I've been working on creating an MSK Serverless (kafka) cluster. The serverless product is relatively new, but the documentation for it is confusing; the operating model of "serverless" is fundamentally different from MSK proper. Both are part of the same product family, so when searching it's difficult to separate the two. As you would expect with a "serverless" product, the whole software stack needed to run kafka is abstracted away and managed by AWS. It all gets deployed into a managed VPC that you can't access, and a bootstrap broker is exposed to a number of your VPCs using VPC endpoints.

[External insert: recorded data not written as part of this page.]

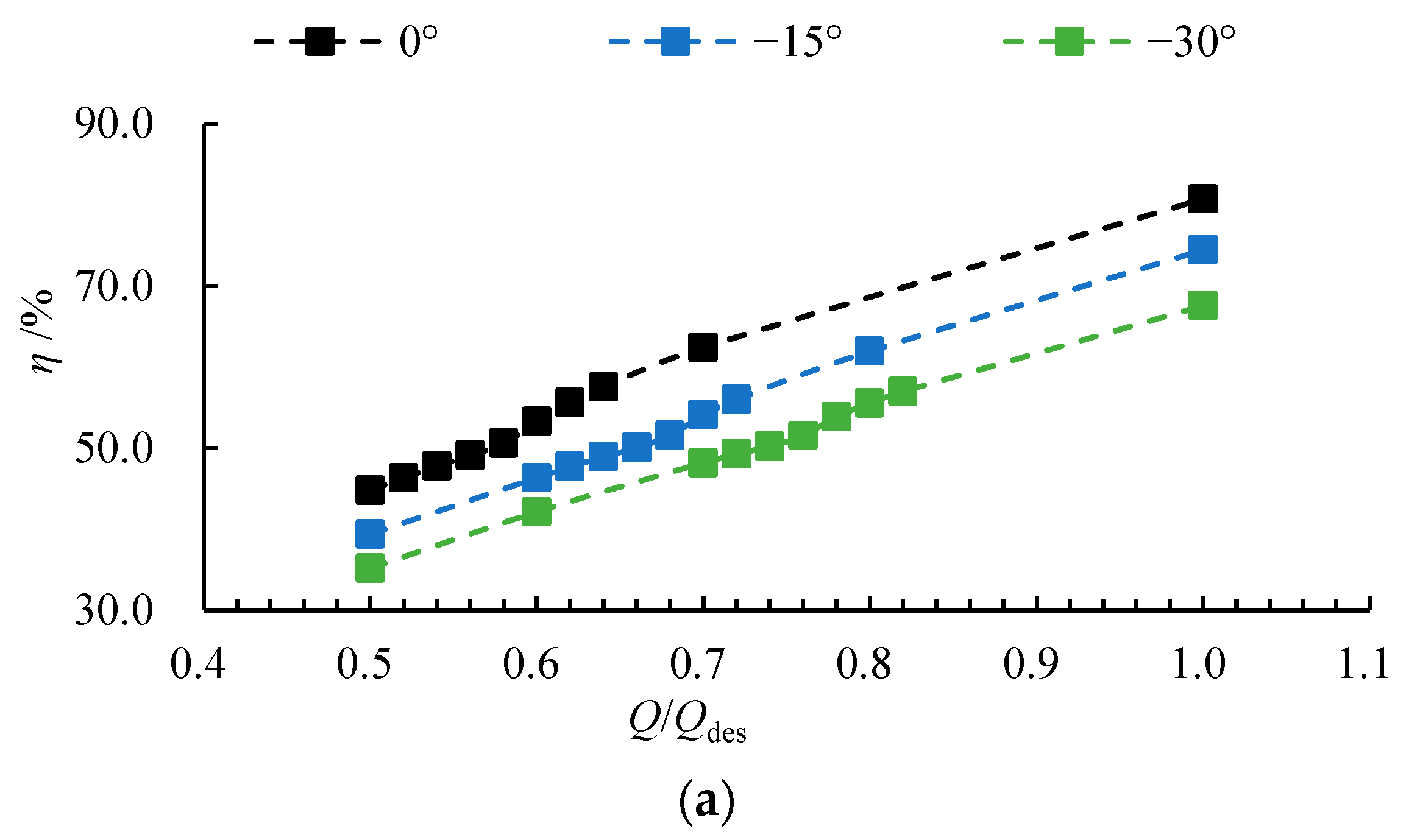 - A decreased deflection angle reduces pump efficiency but increases the head at the same flow rate. Consequently, both critical and deep stall points shift toward higher flow rates, which significantly narrows the pump’s high-efficiency operating range. This trade-off is exemplified by the −30° scheme, which exhibits a 16.27% decrease in design efficiency alongside a 19.59% increase in design head compared to the 0° scheme.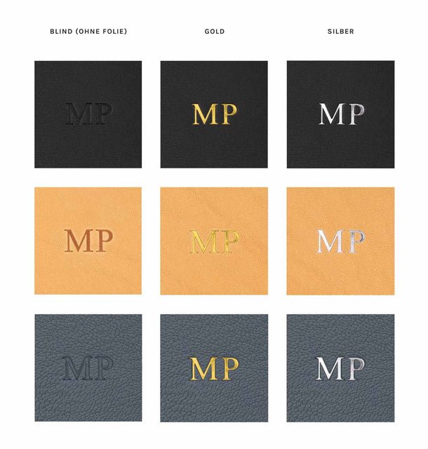 Für alle unsere Schlüsselanhänger und Portemonnaies bieten wir eine Personalisierung in Form einer hochwertigen Prägung an. Eine Prägung ist in drei verschiedenen Varianten möglich: gold, silber oder als Blindprägung ohne Folie.
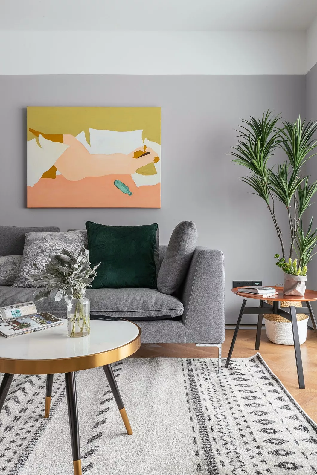 北欧风中最不容易出错当然是灰色沙发!亚麻材质透气性、舒适度都非常可靠,价格也适中,是年轻人装饰家居环境一个不错选择!

I could not get my head around how the routing worked. It turned out to be much simpler than I had blown it up to be. The bootstrap host and all the broker hostnames will resolve within the VPCs that the cluster is attached to. The hostnames are subdomains of c3.kafka-serverless.{region}.amazonaws.com. If you have multiple linked networks, then the broker hostnames won't resolve because their DNS records are private. In this configuration, you have to expose your VPC DNS to the other networks, and configure those other networks or devices to forward requests to your resolver. The product that enables this is Route 53 inbound resolver. There's also an outbound resolver which allows forwarding DNS requests from your VPC to other DNS resolvers within other networks.

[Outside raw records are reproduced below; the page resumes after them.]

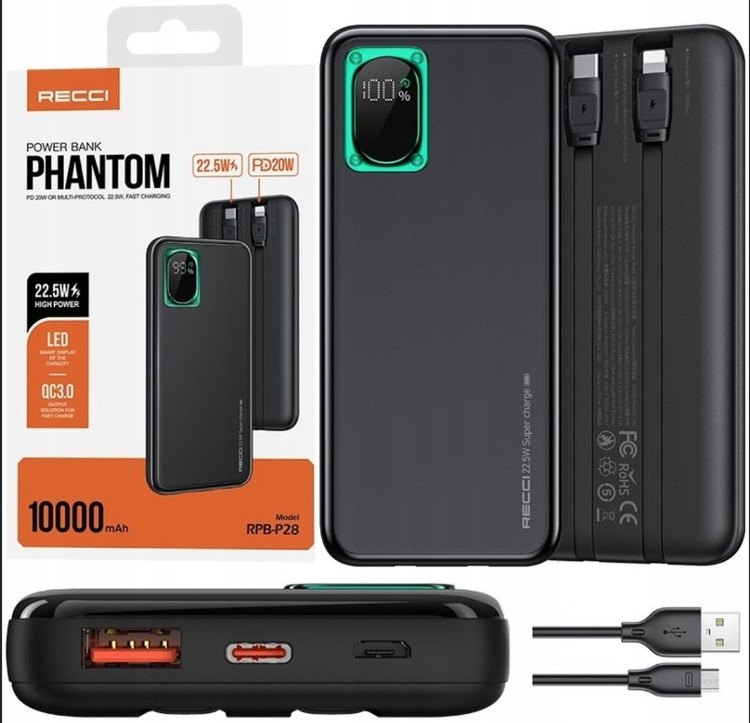 پاوربانک recci مدل RPB-P28، از سری لوازم جانبی موبایل باکیفیت از برند قدرتمند رسی ( RECCI ) می باشد. به طور کلی پاوربانک و یا همان شارژر همراه یک لوازم الکترونیکی بسیار لازم و ضرروری می باشد که کاربران می توانند دستگاه های هوشمند خود را در صورتی که پریز برق در دسترس نباشد، با استفاده از آن به راحتی شارژ کنند.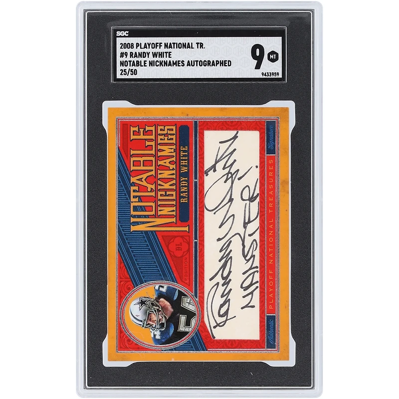 Randy White Dallas Cowboys Autographed 2008 Playoff National Treasures Notable Nicknames #9 #25/50 SGC Authenticated 9 Card with "Manster!" InscriptionRandy White Dallas Cowboys Autographed 2008 Playoff National Treasures Notable Nicknames #9 #25/50 SGC Authenticated 9 Card with "Manster!" InscriptionRandy White Dallas Cowboys Autographed 2008 Playoff National Treasures Notable Nicknames #9 #25/50 SGC Authenticated 9 Card with "Manster!" Inscription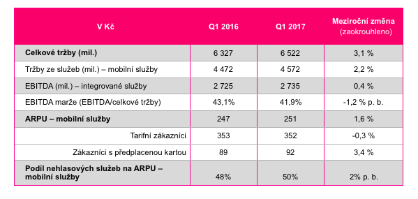 V prvním čtvrtletí 2017 zákazníci T-Mobile v průměru provolali 158 minut měsíčně, tedy o 1,9 procenta více než loni. Celkový objem přenesených dat meziročně vzrostl o 47,3 procenta a dosáhl 10 420 terabytů.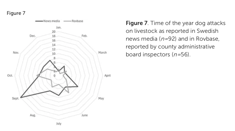 Grafik från artikeln Dog attacks on livestock: insights from Swedish news articles and experiences of farmers and inspectors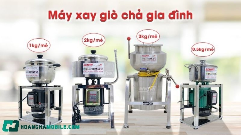- Máy xay giò chả mini 1-3kg: Phù hợp hộ gia đình, quán ăn nhỏ, thử nghiệm sản phẩm mới.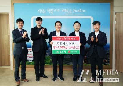 미디어아워 임다연 기자 | 영천제일교회는 13일 저소득층 및 취약계층 대상자를 위해 사랑의 김장 김치 200박스(1600kg)를 영천시에 기탁했다.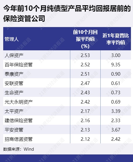 保險(xiǎn)資管公司的純債型產(chǎn)品前10個(gè)月平均回報(bào)排名也出現(xiàn)變化,人保資產(chǎn)以微弱差距奪走第一,平均回報(bào)為2.53%,百年保險(xiǎn)資管以2.52%排第二。泰康資產(chǎn)、光大永明資產(chǎn)等排名也有所上升,泰康資產(chǎn)以2.51%排第三。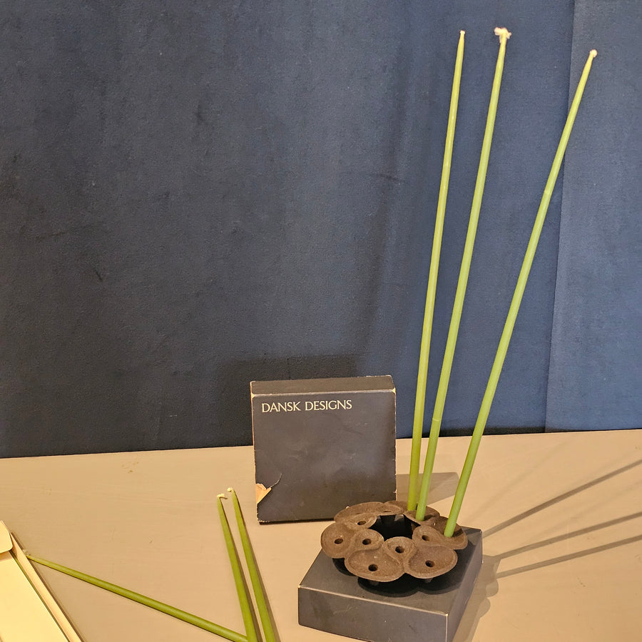 Dansk Lotus Candleholder w/ Green Candles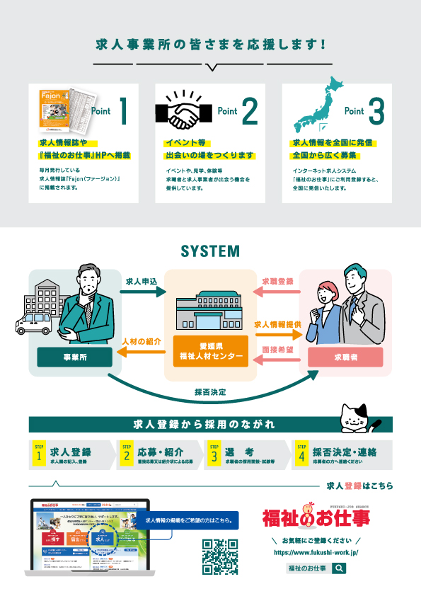 インターネット求人システム「福祉のお仕事」にご利用登録すると、全国に発信いたします。

You can link VPCs and networks together using lots of different strategies. How you link your networks and VPCs together is out of the scope of this article; the assumption is that you have completed the work to make your VPC accessible to your device somehow. You can find the private IP address of your bootstrap broker and connect to it from your machine (check your VPC Endpoints). Finally, this also assumes you have set up the Route 53 inbound resolvers for your VPC.

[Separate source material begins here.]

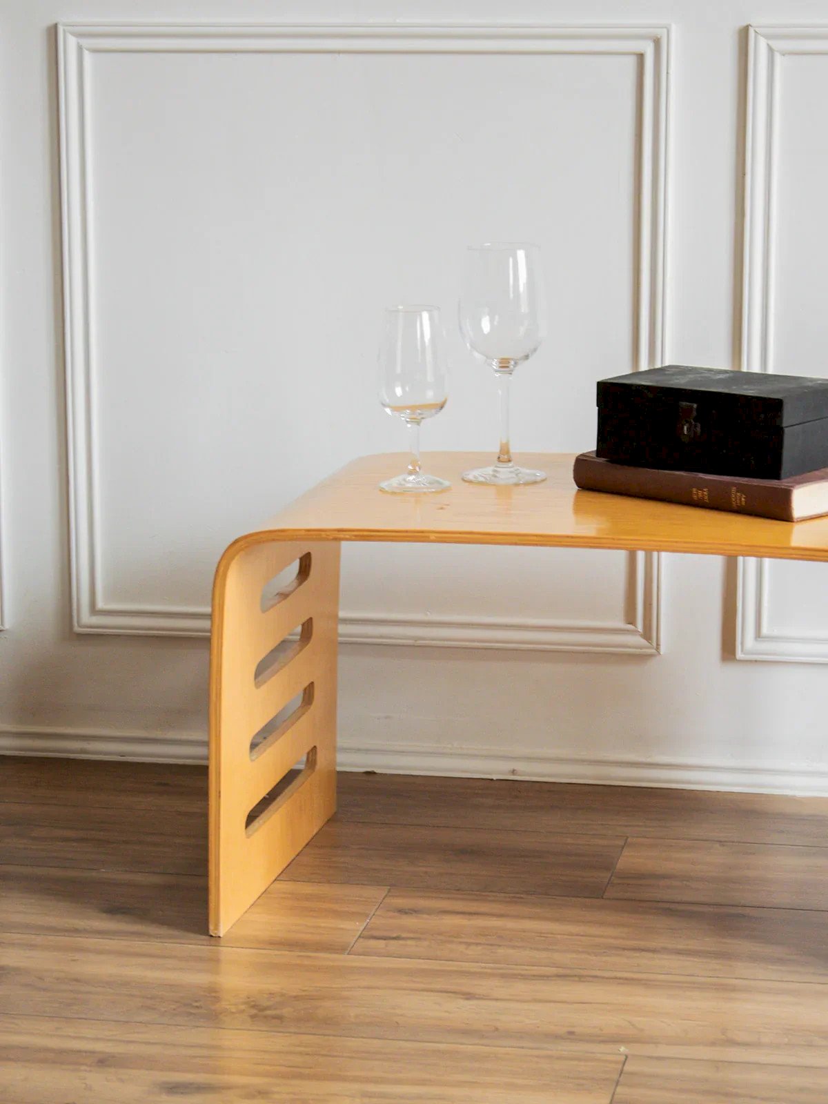 Add a touch of warmth to your interior with our light wood coffee table. This elegantly designed piece features soft curves and delicate stripes, adding a note of authenticity to your space. With its practical dimensions, it is perfect for holding your drinks or books. Sold separately, two items available. Length: 60 cm Width: 40.5 cm Height: 35 cm Condition: Used: Item has been used. Item shows some signs of superficial wear, fully operational and functioning correctly. It may be a display model or an item returned to the store after a short period of use, along with any imperfections. Brand: Debongout Type: Thrifted product Material: Wood Customized: Coffee tables Style: Contemporary

It took a bit of digging and luck to find a solution that didn't require installing dnsmasq or configuring bind. I really didn't want to screw around with the DNS on my machine more than I had to. The system configuration utility scutil allows you to change your network configuration, including to add additional resolvers. The utility documentation isn't particularly easy to find or digest, but I found an example that was close enough to get it to do what I needed it to do.

Assuming you have deployed resolvers in three subnets in us-east-1, and the IP addresses assigned to them are 192.1.0.1, 192.2.0.1 and 192.3.0.1:

sudo esutil
> open
> d.init
> d.add ServerAddresses * 192.1.0.1 192.2.0.1 192.3.0.1
> d.add SupplementalMatchDomains * kafka-serverless.us-east-1.amazonaws.com
> set State:/Network/Service/kafka-serverless.us-east-1.amazonaws.com/DNS
> quit

You should then be able to see the resolver listed when you run esutil --dns. You should also be able to resolve the bootstrap host, which is the only hostname that AWS gives you, along with all the kafka brokers that form the cluster. I've not yet attempted to add multiple resolvers (i.e. multiple VPC + resolver + cluster combinations), but the name of the key needs to be unique. You could change the above command to VPC+region, whatever makes it clear.

set State:/Network/Service/vpc-0123456789.us-west-2/DNS

You may also wish to add multiple space-separated SupplementalMatchDomains to map more service endpoints if you have other use-cases to cover.